| Exercise description |
Instruction for the listing below: copy exactly, and only, the lines from the one holding "Free People Small" through its last line, omitting any picture.

| Information provided |
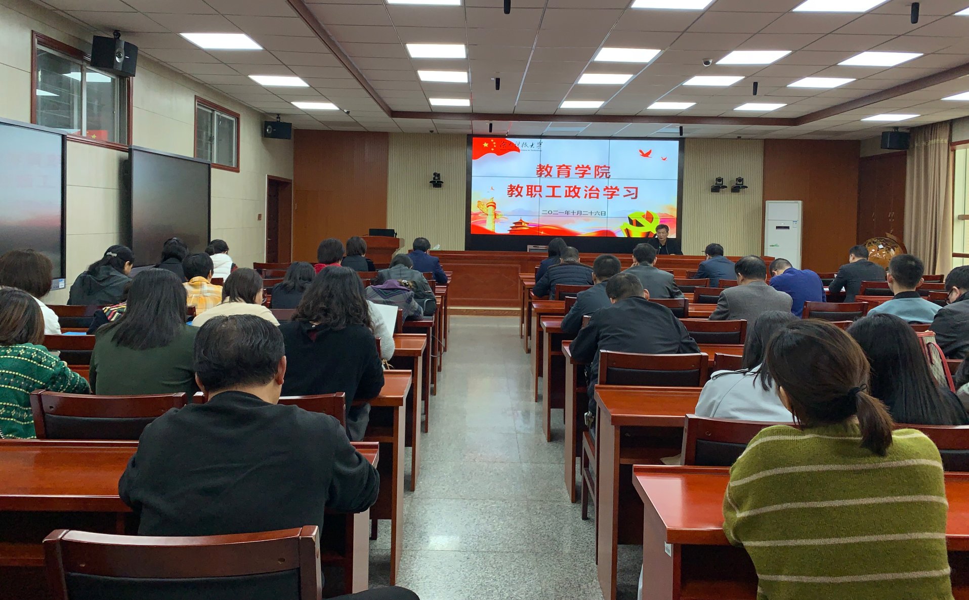 10月26日下午,永利3044集团官网在八教308会议室组织全院教职工政治学习。本次为校史、院史专题学习教育。公司党委书记李炳煌主持学习。
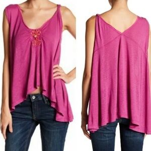 Free People Small New Vibes Tank Top Pink Beaded High Low Flowy Linen
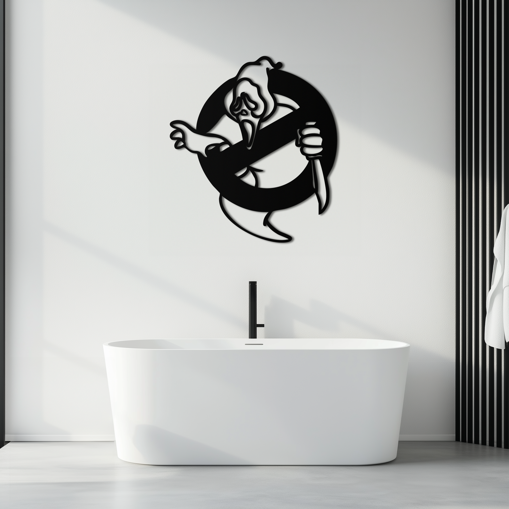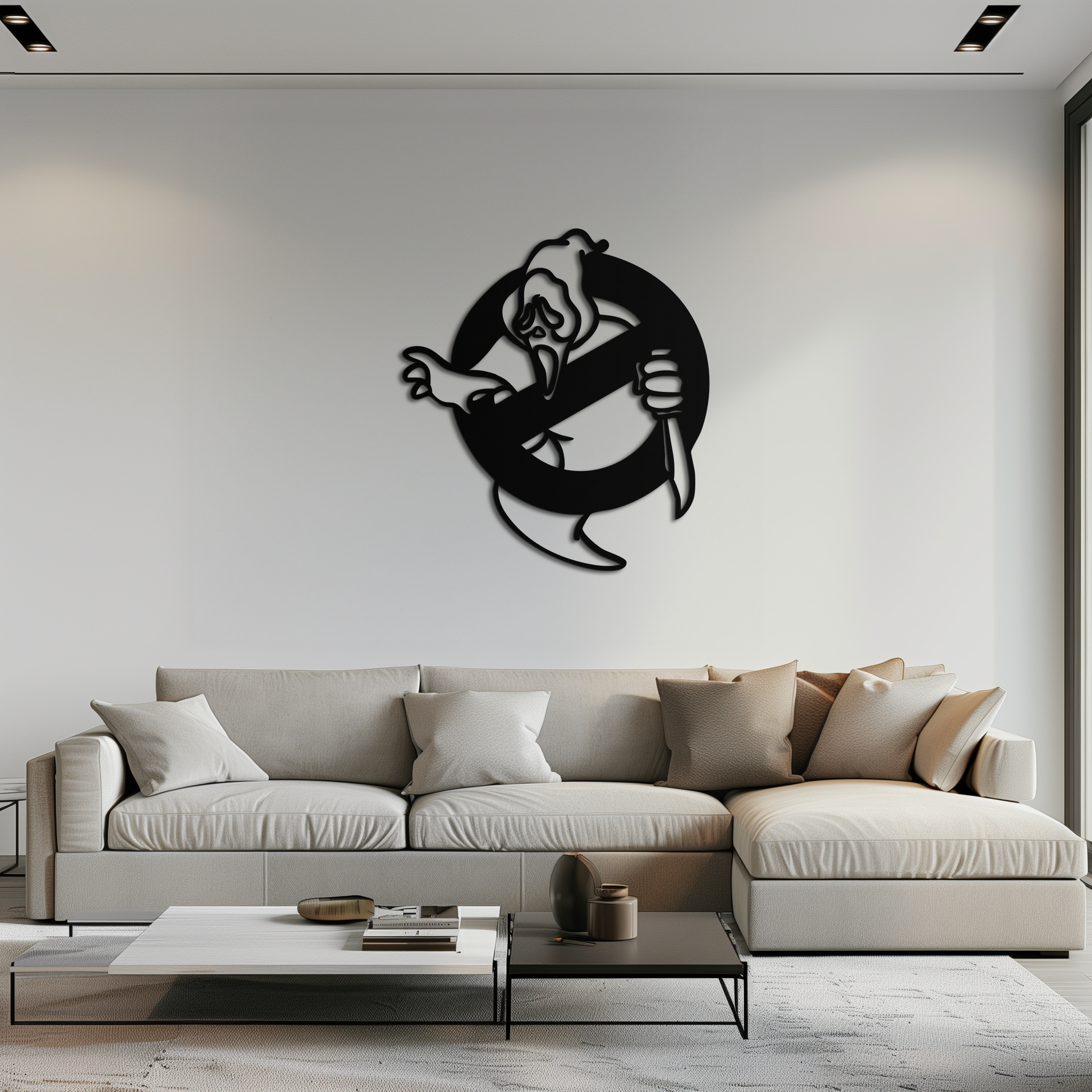 Add a bold and eerie touch to your space with this Ghost Scream Inspired Metal Wall Art. Combining horror elements with pop culture parody, this piece features a ghostly figure wielding a knife and breaking through a symbolic no-entry circle. Perfect for fans of thrillers, parodies, or Halloween decor, this design makes a unique statement in any room. Laser-cut from high-quality metal, it’s powder-coated for a durable and striking finish.

| Worked solution |
 Free People Small New Vibes Tank Top Pink Beaded High Low Flowy Linen
 Add a bold and eerie touch to your space with this Ghost Scream Inspired Metal Wall Art. Combining horror elements with pop culture parody, this piece features a ghostly figure wielding a knife and breaking through a symbolic no-entry circle. Perfect for fans of thrillers, parodies, or Halloween decor, this design makes a unique statement in any room. Laser-cut from high-quality metal, it’s powder-coated for a durable and striking finish.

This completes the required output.